Rasa rió entre dientes.

—Ya me imagino a Elemak trayéndote una muestra de semen.

Shedemei tampoco pudo contener la risa, ante la sola idea de pedir esa muestra. ¡Semejante ofensa a su dignidad de líder de la caravana!

Cabalgaron unos minutos en silencio.

—¿Lo harás? —preguntó al fin Rasa.

—¿Qué?

—Casarte con Zdorab.

—¿Quién?

—El bibliotecario, Zdorab.

—Casarme con él —suspiró Shedemei—. Nunca pensé en casarme con nadie.

—Cásate y ten sus hijos.

—Supongo que lo haré —dijo Shedemei—. Pero no si vivimos bajo la ley de los mandriles.

—¡La ley de los mandriles!

—Como en Basílica… con una competencia por nuevas parejas cada año. Aceptaré a ese hombre maduro que nunca he visto, compartiré mi lecho con él, daré a luz sus hijos, los criaré con él… pero no si debo luchar para conservarlo. No si tengo que soportar que corteje a Eiadh, Hushidh, Dolya o Kokor cada vez que nuestro contrato de matrimonio esté por expirar, y que luego se arrastre para pedirme que renueve su contrato porque las mujeres realmente apetecibles no lo aceptan.

Rasa asintió.

—Entiendo lo que intentabas decir antes. No hablabas de la infidelidad de Kokor, sino de las costumbres con que nos hemos criado.

—Exacto —dijo Shedemei—. Somos un grupo demasiado pequeño para mantener las costumbres matrimoniales de Basílica.
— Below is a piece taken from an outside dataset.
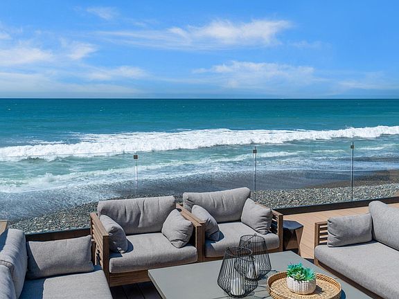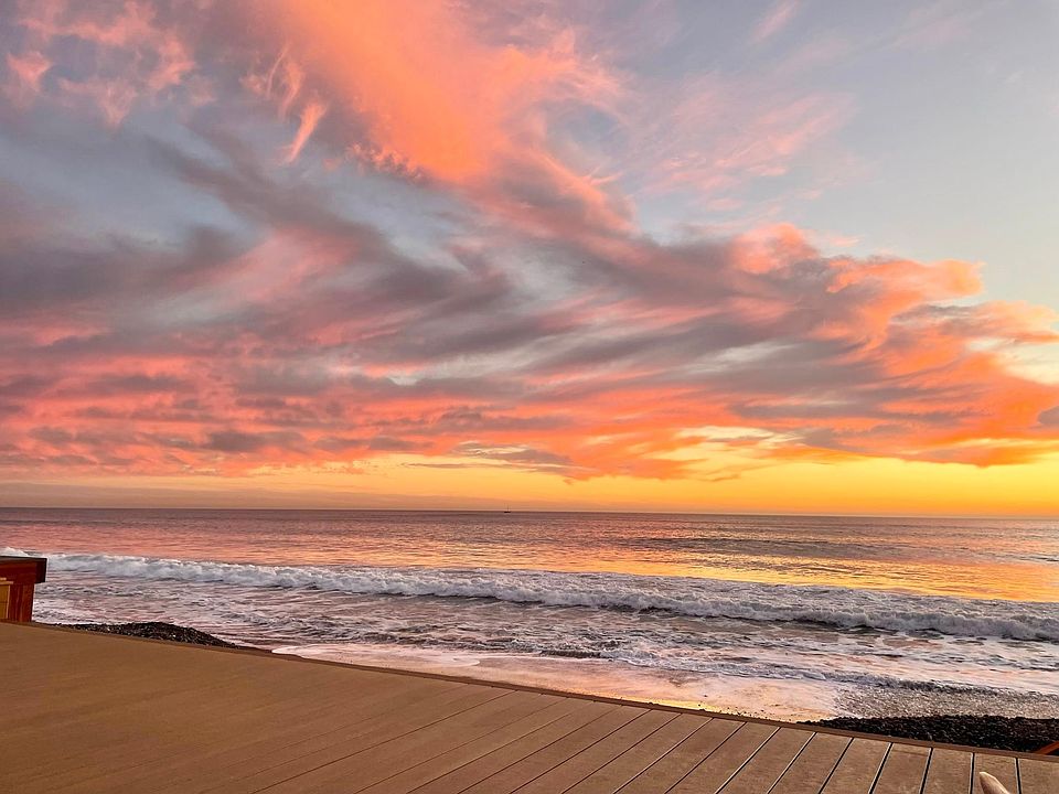 Relaxing beach paradise - this oceanfront, updated 1952 beach bungalow sits directly on the sand. The exclusive community of Beach Road provides privacy and seclusion rarely possible with beachfront property, tucked behind the gates of this exclusive guarded community in Dana Point, CA. The beach and ocean are right here. Unwind on the large deck with your morning coffee, see the dolphins swim by and birds dive into the ocean right in front of the house. Hear the waves crashing all day and night. This is the perfect getaway for families, couples or group of friends. Cozy up with a bonfire on the sand, or in the living room with a fire in the gas fireplace while you watch the waves and hear the sounds of the ocean. At low tide, you have direct access to the beach directly off the giant brand-new deck. At high tide, it feels like you are floating on a cruise ship, with waves coming right to the glass. Enjoy incredible sunsets, coastline, Catalina Island, and Dana Point views.

—Es una cuestión de escala, ¿verdad? En la ciudad, cuando una mujer no le renueva el contrato a un hombre, o cuando él no lo pide, ambos se pueden eludir por un tiempo, hasta que cesa el dolor. Es posible encontrar a otras personas, porque hay miles para elegir. Pero nosotros sumamos dieciséis. Ocho hombres, ocho mujeres. Sería insoportable.

—Algunos querrían matar, tal como lo intentó Kokor. Y otros querrían morir.
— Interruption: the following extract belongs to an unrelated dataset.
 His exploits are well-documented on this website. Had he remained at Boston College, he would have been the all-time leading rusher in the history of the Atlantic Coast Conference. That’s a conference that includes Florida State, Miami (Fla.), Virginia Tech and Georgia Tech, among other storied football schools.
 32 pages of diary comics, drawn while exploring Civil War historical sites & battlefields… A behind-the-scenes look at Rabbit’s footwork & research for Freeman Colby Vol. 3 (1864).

—Tienes razón, tienes razón, tienes razón —murmuró Rasa, como si pensara en voz alta—. Pero no podemos decirlo ahora. Algunos regresarían, a pesar del desierto y los bandidos. Monogamia vitalicia… vaya, dudo que Sevet y Kokor hayan sido fieles una semana seguida. Y Meb no se había casado hasta ahora por la buena razón de que no piensa ser fiel pero carece de la capacidad de mis hijas para comportarse con absoluta deshonestidad. Y ahora les diremos que deben ser fieles. Sin contratos anuales, sin posibilidad de cambiar.

—No les agradará.

—Por eso, no les diremos nada hasta llegar al campamento de Volemak. Cuando sea demasiado tarde para que regresen.

Shedemei no podía creer que Rasa dijera semejante cosa. Aun así, respondió con serenidad:

—Pero yo creo que si desean volver, deberíamos permitirlo. Son gente libre, ¿verdad?

—No —replicó enfáticamente Rasa—, no lo son. Eran libres hasta que tomaron las decisiones que los trajeron aquí, pero ahora no son libres porque nuestra colonia, nuestro viaje, no puede tener éxito sin ellos.

—Estás muy segura de que puedes lograr que los demás respeten sus compromisos —murmuró Shedemei—. Nadie logró que lo hicieran antes. ¿Cómo podrás ahora?

—No se trata sólo de la expedición —dijo Rasa—. Es por su propio bien. El Alma Suprema ha anunciado claramente que Basílica será destruida… y ellos con la ciudad, si están allí cuando llegue el momento. Les estamos salvando la vida. Pero los más interesados en regresar son también los menos propensos a creer en las visiones que nos ha mostrado el Alma Suprema. Así que para salvarles la vida debemos…

—¿Engañarlos?

—Postergar ciertas explicaciones.

—¿Porque tú sabes mejor que ellos lo que les conviene?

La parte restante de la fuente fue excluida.